*Entries supplied*.
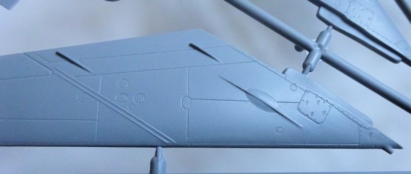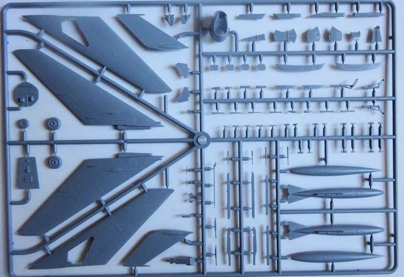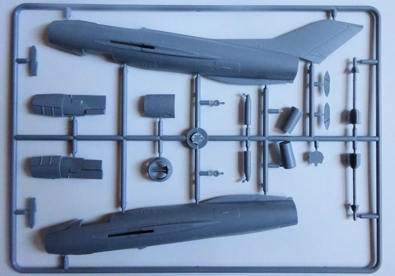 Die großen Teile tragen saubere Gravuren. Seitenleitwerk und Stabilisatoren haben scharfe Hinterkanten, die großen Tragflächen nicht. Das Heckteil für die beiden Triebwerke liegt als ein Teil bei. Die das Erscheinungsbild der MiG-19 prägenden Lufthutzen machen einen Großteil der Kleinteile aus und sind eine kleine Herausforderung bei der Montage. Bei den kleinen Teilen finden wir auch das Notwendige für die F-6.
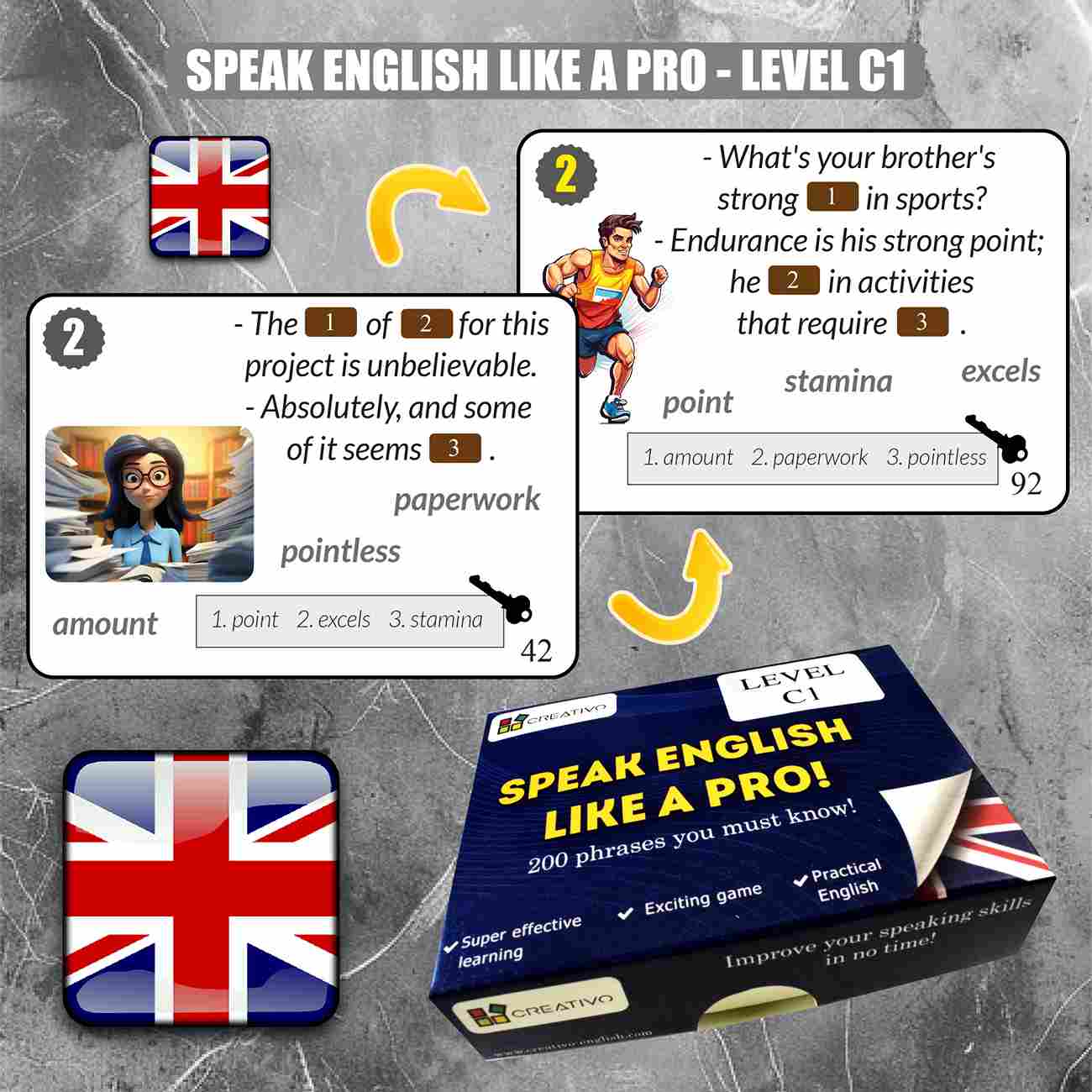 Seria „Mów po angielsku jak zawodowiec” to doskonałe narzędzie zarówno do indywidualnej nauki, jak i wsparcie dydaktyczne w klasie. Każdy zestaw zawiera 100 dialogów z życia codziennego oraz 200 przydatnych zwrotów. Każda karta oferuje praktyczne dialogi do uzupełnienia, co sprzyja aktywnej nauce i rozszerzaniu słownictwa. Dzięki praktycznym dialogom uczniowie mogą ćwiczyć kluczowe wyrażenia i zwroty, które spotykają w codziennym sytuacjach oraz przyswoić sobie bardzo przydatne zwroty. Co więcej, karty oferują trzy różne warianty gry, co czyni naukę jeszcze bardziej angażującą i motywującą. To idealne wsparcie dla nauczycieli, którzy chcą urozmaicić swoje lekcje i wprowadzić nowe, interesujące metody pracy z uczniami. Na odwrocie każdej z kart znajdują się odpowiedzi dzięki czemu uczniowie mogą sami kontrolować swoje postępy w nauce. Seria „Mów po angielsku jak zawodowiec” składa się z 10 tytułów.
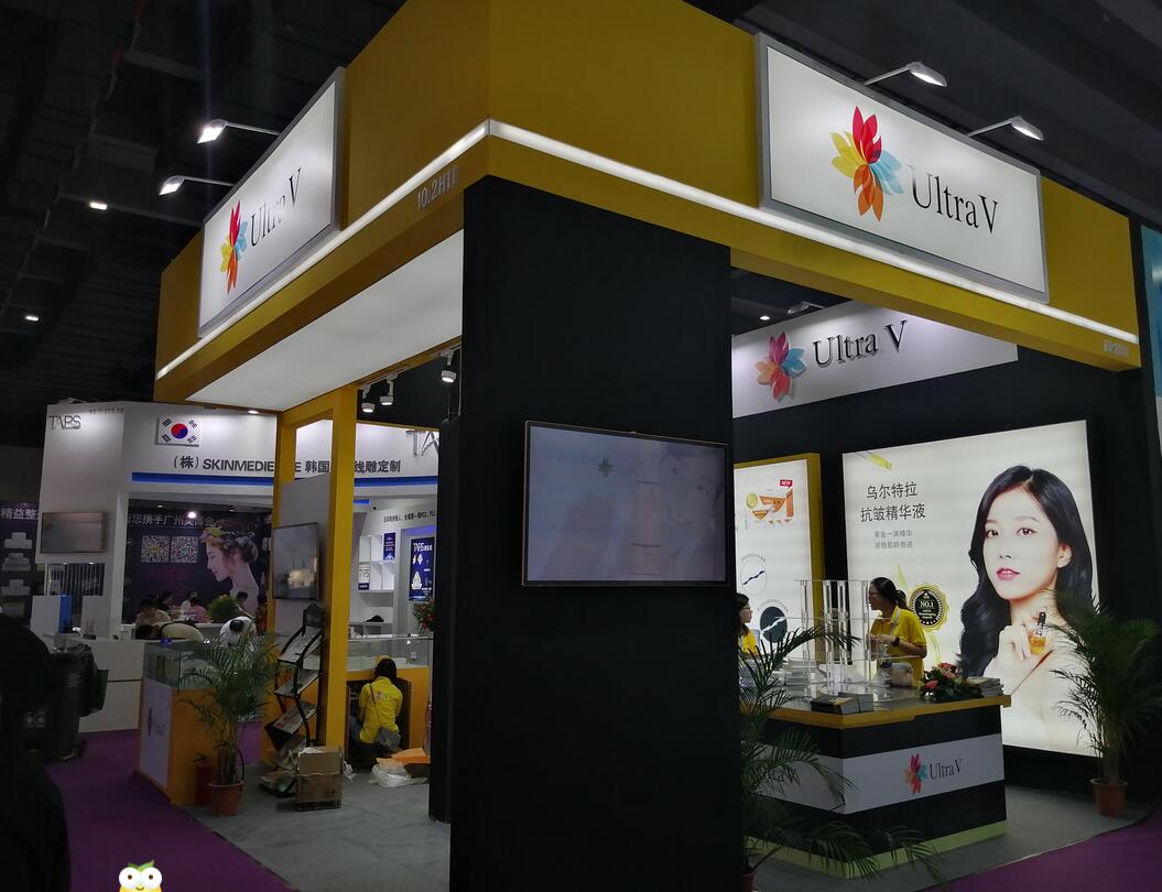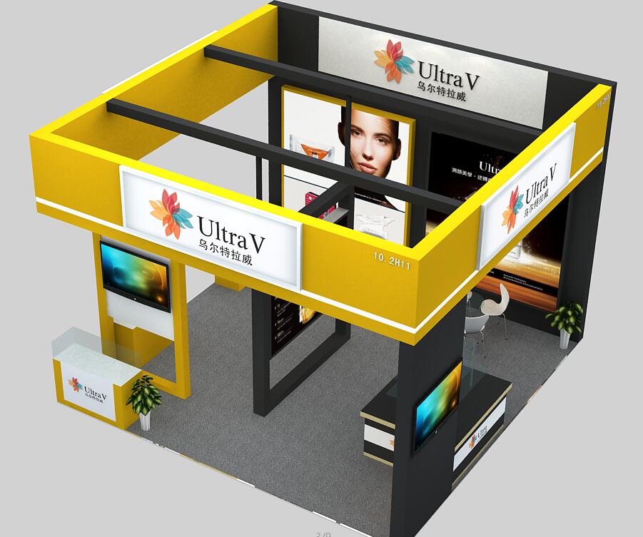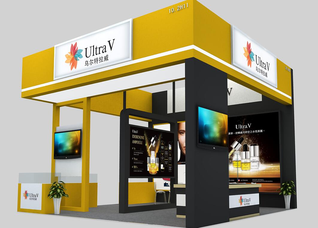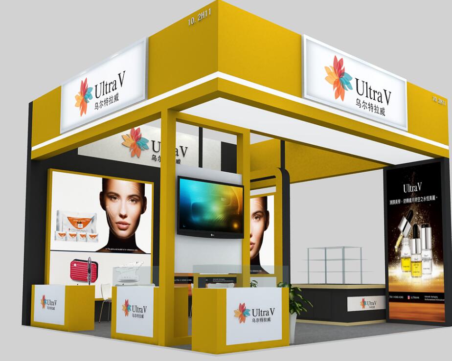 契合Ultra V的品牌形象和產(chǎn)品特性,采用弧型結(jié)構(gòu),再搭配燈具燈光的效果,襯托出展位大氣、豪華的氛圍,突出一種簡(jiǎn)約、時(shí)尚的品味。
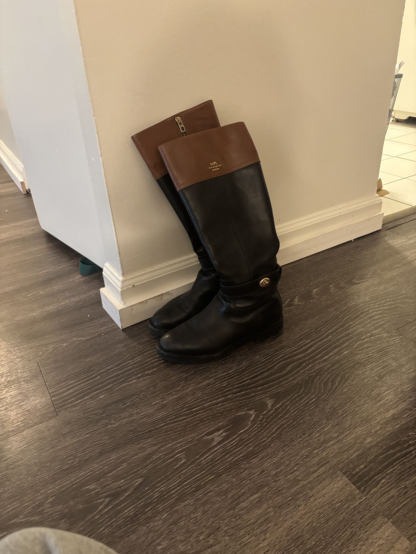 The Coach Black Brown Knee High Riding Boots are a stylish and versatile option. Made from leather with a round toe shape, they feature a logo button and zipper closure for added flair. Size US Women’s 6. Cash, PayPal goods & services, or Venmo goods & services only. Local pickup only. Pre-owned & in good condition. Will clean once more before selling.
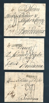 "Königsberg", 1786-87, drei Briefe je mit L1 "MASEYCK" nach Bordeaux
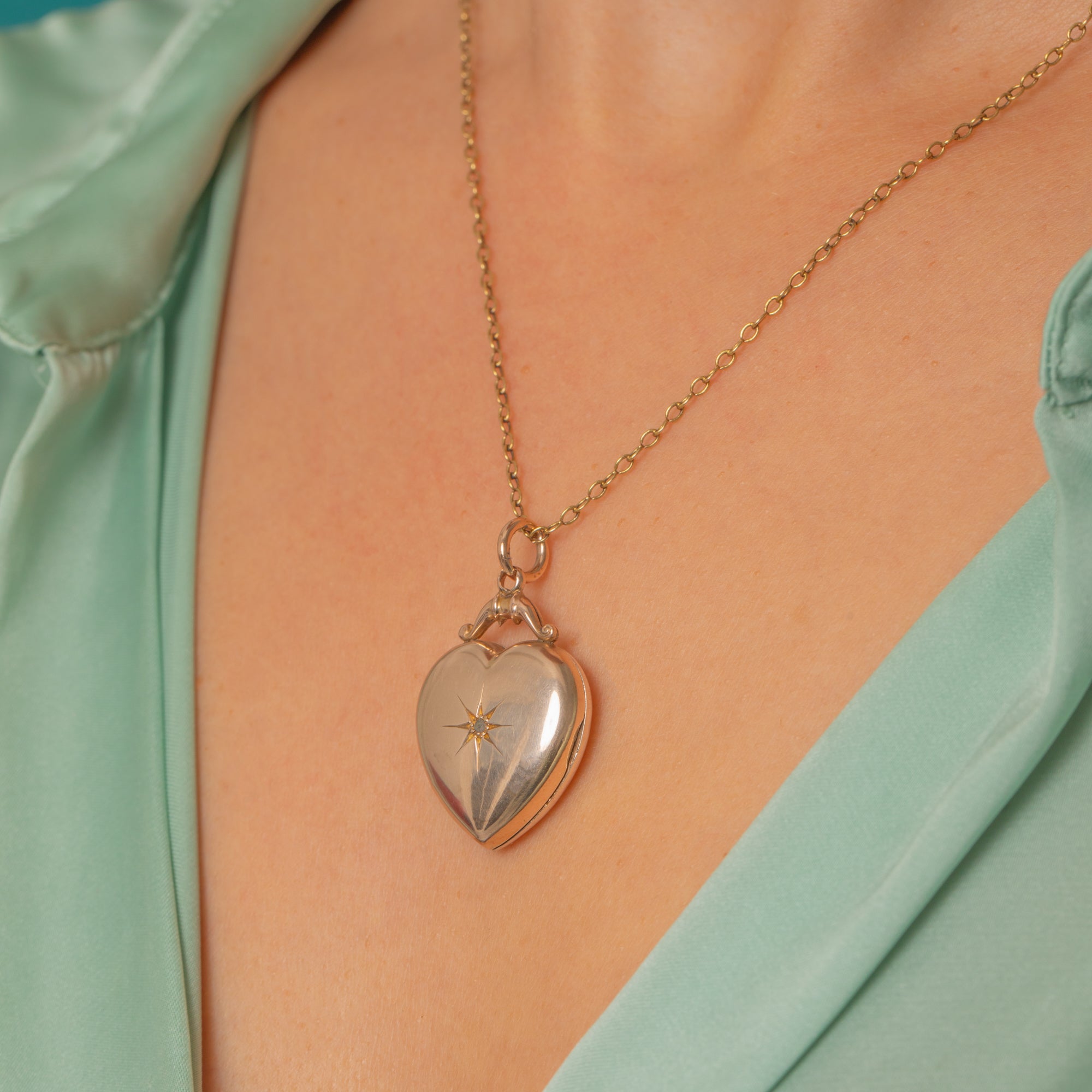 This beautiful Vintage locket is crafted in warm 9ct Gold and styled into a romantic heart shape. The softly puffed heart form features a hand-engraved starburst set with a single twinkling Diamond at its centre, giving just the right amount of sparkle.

*What you will do*. With the pictures removed, return the data above word for word.

*Expected answer*.
 Die großen Teile tragen saubere Gravuren. Seitenleitwerk und Stabilisatoren haben scharfe Hinterkanten, die großen Tragflächen nicht. Das Heckteil für die beiden Triebwerke liegt als ein Teil bei. Die das Erscheinungsbild der MiG-19 prägenden Lufthutzen machen einen Großteil der Kleinteile aus und sind eine kleine Herausforderung bei der Montage. Bei den kleinen Teilen finden wir auch das Notwendige für die F-6.
 Seria „Mów po angielsku jak zawodowiec” to doskonałe narzędzie zarówno do indywidualnej nauki, jak i wsparcie dydaktyczne w klasie. Każdy zestaw zawiera 100 dialogów z życia codziennego oraz 200 przydatnych zwrotów. Każda karta oferuje praktyczne dialogi do uzupełnienia, co sprzyja aktywnej nauce i rozszerzaniu słownictwa. Dzięki praktycznym dialogom uczniowie mogą ćwiczyć kluczowe wyrażenia i zwroty, które spotykają w codziennym sytuacjach oraz przyswoić sobie bardzo przydatne zwroty. Co więcej, karty oferują trzy różne warianty gry, co czyni naukę jeszcze bardziej angażującą i motywującą. To idealne wsparcie dla nauczycieli, którzy chcą urozmaicić swoje lekcje i wprowadzić nowe, interesujące metody pracy z uczniami. Na odwrocie każdej z kart znajdują się odpowiedzi dzięki czemu uczniowie mogą sami kontrolować swoje postępy w nauce. Seria „Mów po angielsku jak zawodowiec” składa się z 10 tytułów.
 契合Ultra V的品牌形象和產(chǎn)品特性,采用弧型結(jié)構(gòu),再搭配燈具燈光的效果,襯托出展位大氣、豪華的氛圍,突出一種簡(jiǎn)約、時(shí)尚的品味。
 The Coach Black Brown Knee High Riding Boots are a stylish and versatile option. Made from leather with a round toe shape, they feature a logo button and zipper closure for added flair. Size US Women’s 6. Cash, PayPal goods & services, or Venmo goods & services only. Local pickup only. Pre-owned & in good condition. Will clean once more before selling.
 "Königsberg", 1786-87, drei Briefe je mit L1 "MASEYCK" nach Bordeaux
 This beautiful Vintage locket is crafted in warm 9ct Gold and styled into a romantic heart shape. The softly puffed heart form features a hand-engraved starburst set with a single twinkling Diamond at its centre, giving just the right amount of sparkle.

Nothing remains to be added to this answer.